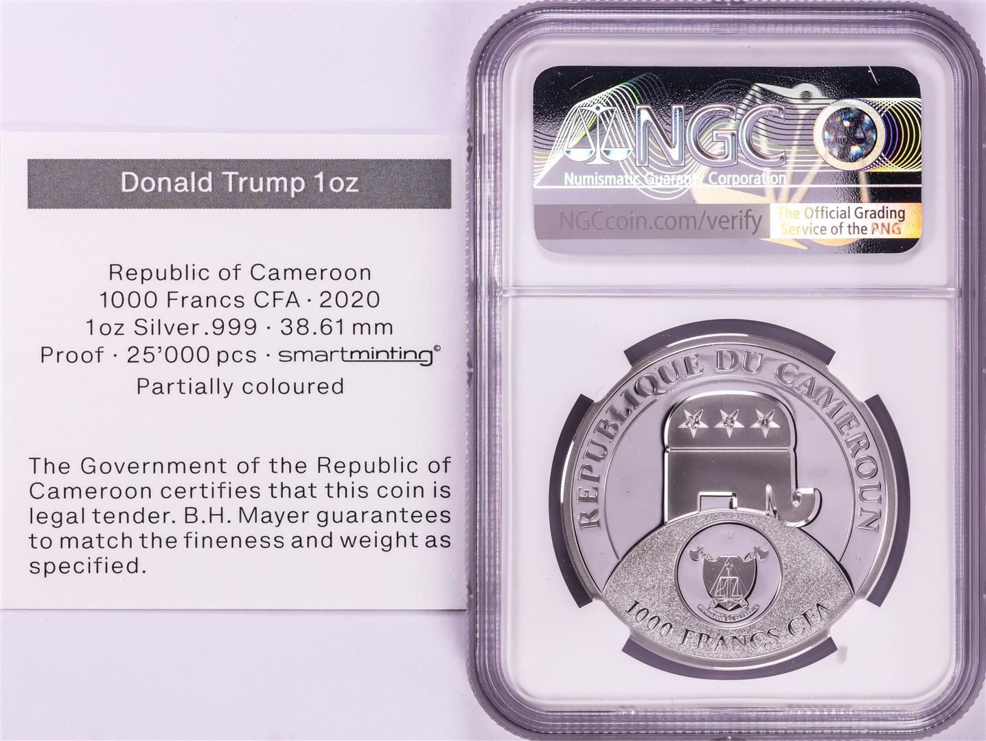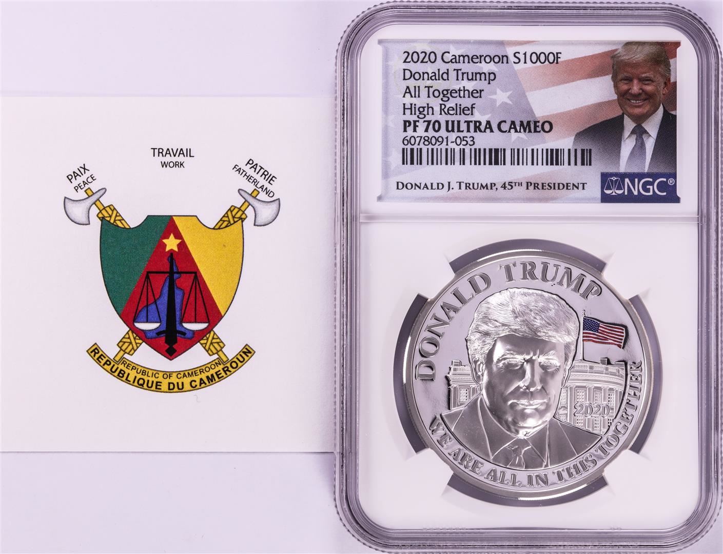 One 2020 Cameroon S1000F Donald Trump All Together High Relief PF 70 Ultra Cameo 1oz Silver .999 Coin.
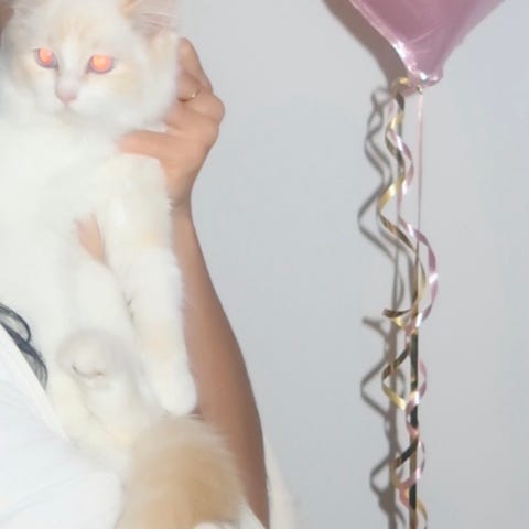 Alla hennes tillbehör ingår i priset, såsom kattlåda, matskålar, leksaker, mat, m.m.
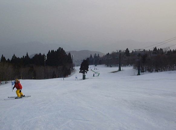 (3/20) 車に乗せてもらう関係上一緒に付いていかなければならずこの日は午前4時45分起きです。しかし、前日電車の中でよく眠っていたので目覚めはすっきり火曜日です。宿舎の朝食もご飯と味噌汁、卵に海苔というシンプルな組み合わせながらもお腹一杯いただいて(内緒ですが)、いろいろバタバタした末予定をオーバしてからの出発となりました。今年からですがそもそも瑞穂ハイランドでスキー部の行事である中枝杯を開くことになったのは、そのスキー場の部長さんがうちのOBの方で、その方のご厚意によるものなのです。なのに集合時間を遅れてしまい申し訳ない後輩たちです。遅刻は相手の時間を奪ってしまう行為です。時間はちゃんと守りましょうね(説得力がないですが)。スキー場の駐車場に到着したら、他の部員も広島からやってきていました。事務所で1日リフト券をもらって(バイトをしていればもらえるのですが、今回はOBのくせして現役のフリをして流れでもらってしまいました)、ゴンドラに乗りゲレンデのある山の上へ。もうひとつリフトで登り、レースが行なわれるゲレンデに到着。すでに太陽が昇っていて朝のゲレンデは清々しいです。先に来ていた人間によってコース準備が始まっていてスタート付近はこんな感じで、下方を見るとこんな感じ。気温も低く雪もまだ固めでした。初め、準備は順調だったのですが、一般のコースとの境界に張るためのロープが絡まっていて、もう少しというところでそれをほどくのに1時間近くかかってしまい予定が遅れてしまいました。
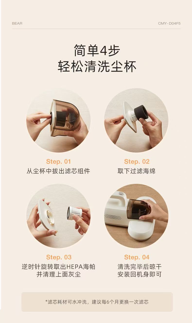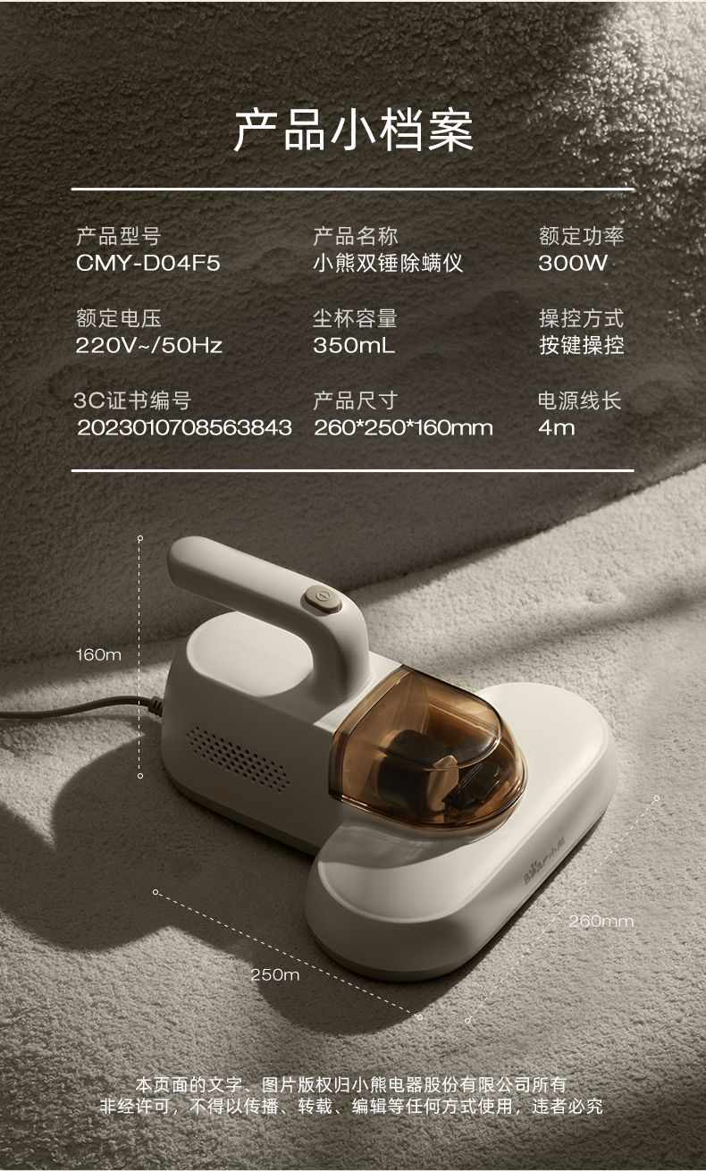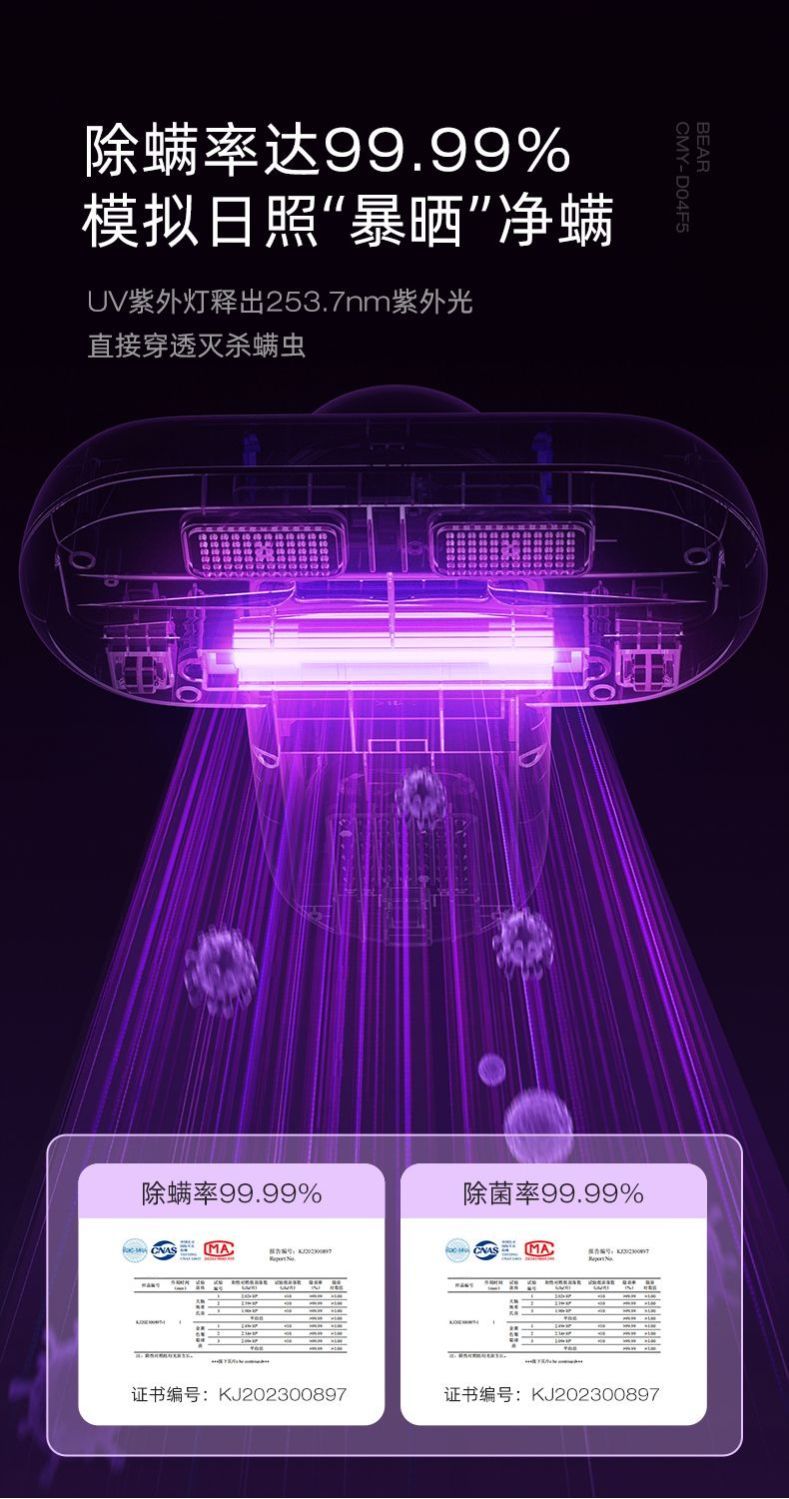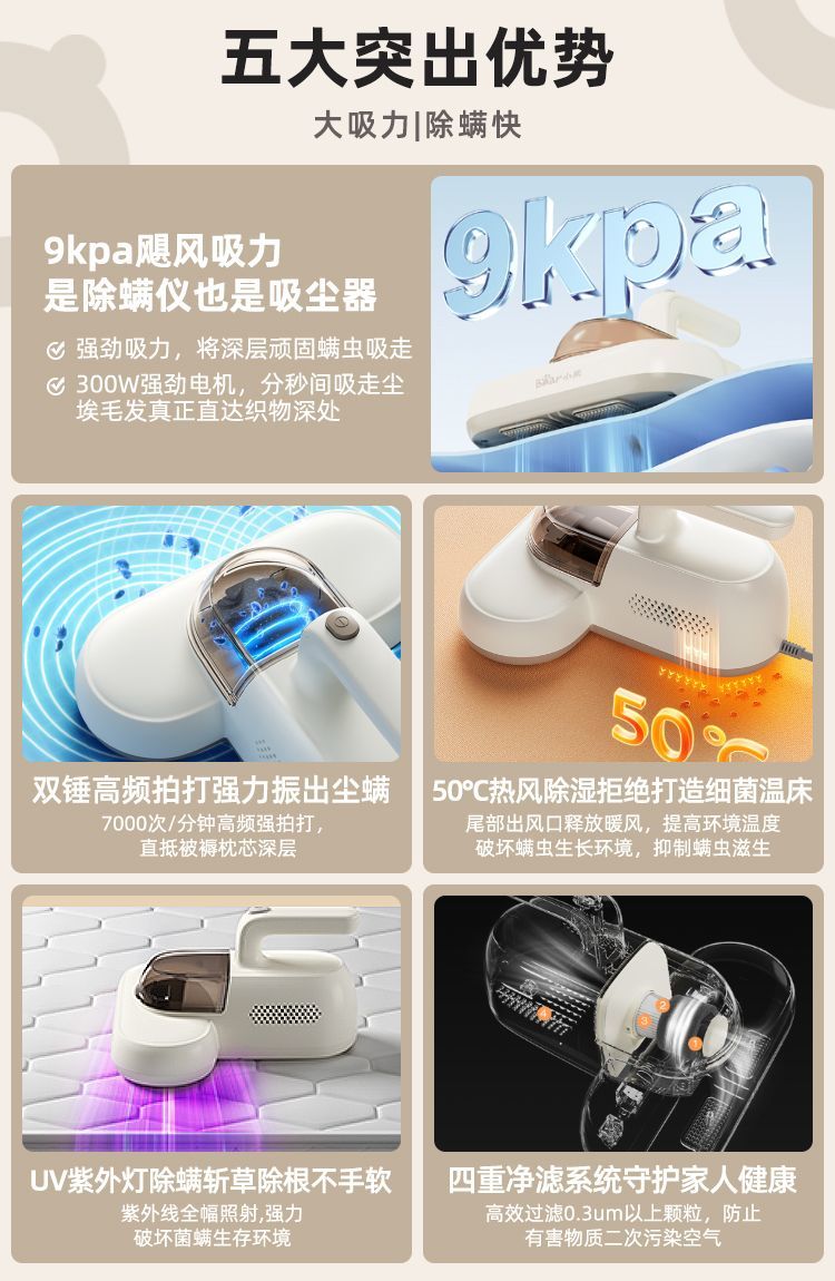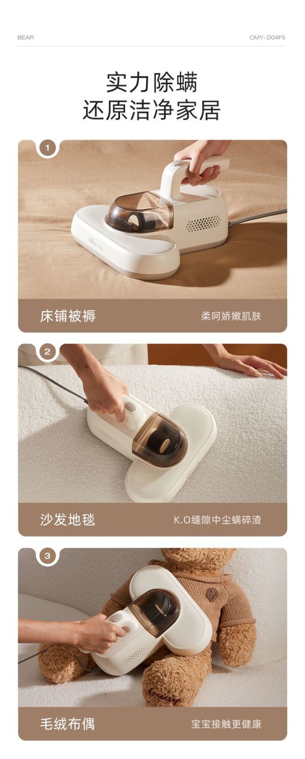 小熊除螨仪家用紫外线除菌除螨沙发床上螨虫神器吸尘器

====================

WHAT TO DO:
Set down all the material exactly once more. No pictures.

ANSWER BOX:
 One 2020 Cameroon S1000F Donald Trump All Together High Relief PF 70 Ultra Cameo 1oz Silver .999 Coin.
 Alla hennes tillbehör ingår i priset, såsom kattlåda, matskålar, leksaker, mat, m.m.
 (3/20) 車に乗せてもらう関係上一緒に付いていかなければならずこの日は午前4時45分起きです。しかし、前日電車の中でよく眠っていたので目覚めはすっきり火曜日です。宿舎の朝食もご飯と味噌汁、卵に海苔というシンプルな組み合わせながらもお腹一杯いただいて(内緒ですが)、いろいろバタバタした末予定をオーバしてからの出発となりました。今年からですがそもそも瑞穂ハイランドでスキー部の行事である中枝杯を開くことになったのは、そのスキー場の部長さんがうちのOBの方で、その方のご厚意によるものなのです。なのに集合時間を遅れてしまい申し訳ない後輩たちです。遅刻は相手の時間を奪ってしまう行為です。時間はちゃんと守りましょうね(説得力がないですが)。スキー場の駐車場に到着したら、他の部員も広島からやってきていました。事務所で1日リフト券をもらって(バイトをしていればもらえるのですが、今回はOBのくせして現役のフリをして流れでもらってしまいました)、ゴンドラに乗りゲレンデのある山の上へ。もうひとつリフトで登り、レースが行なわれるゲレンデに到着。すでに太陽が昇っていて朝のゲレンデは清々しいです。先に来ていた人間によってコース準備が始まっていてスタート付近はこんな感じで、下方を見るとこんな感じ。気温も低く雪もまだ固めでした。初め、準備は順調だったのですが、一般のコースとの境界に張るためのロープが絡まっていて、もう少しというところでそれをほどくのに1時間近くかかってしまい予定が遅れてしまいました。
 小熊除螨仪家用紫外线除菌除螨沙发床上螨虫神器吸尘器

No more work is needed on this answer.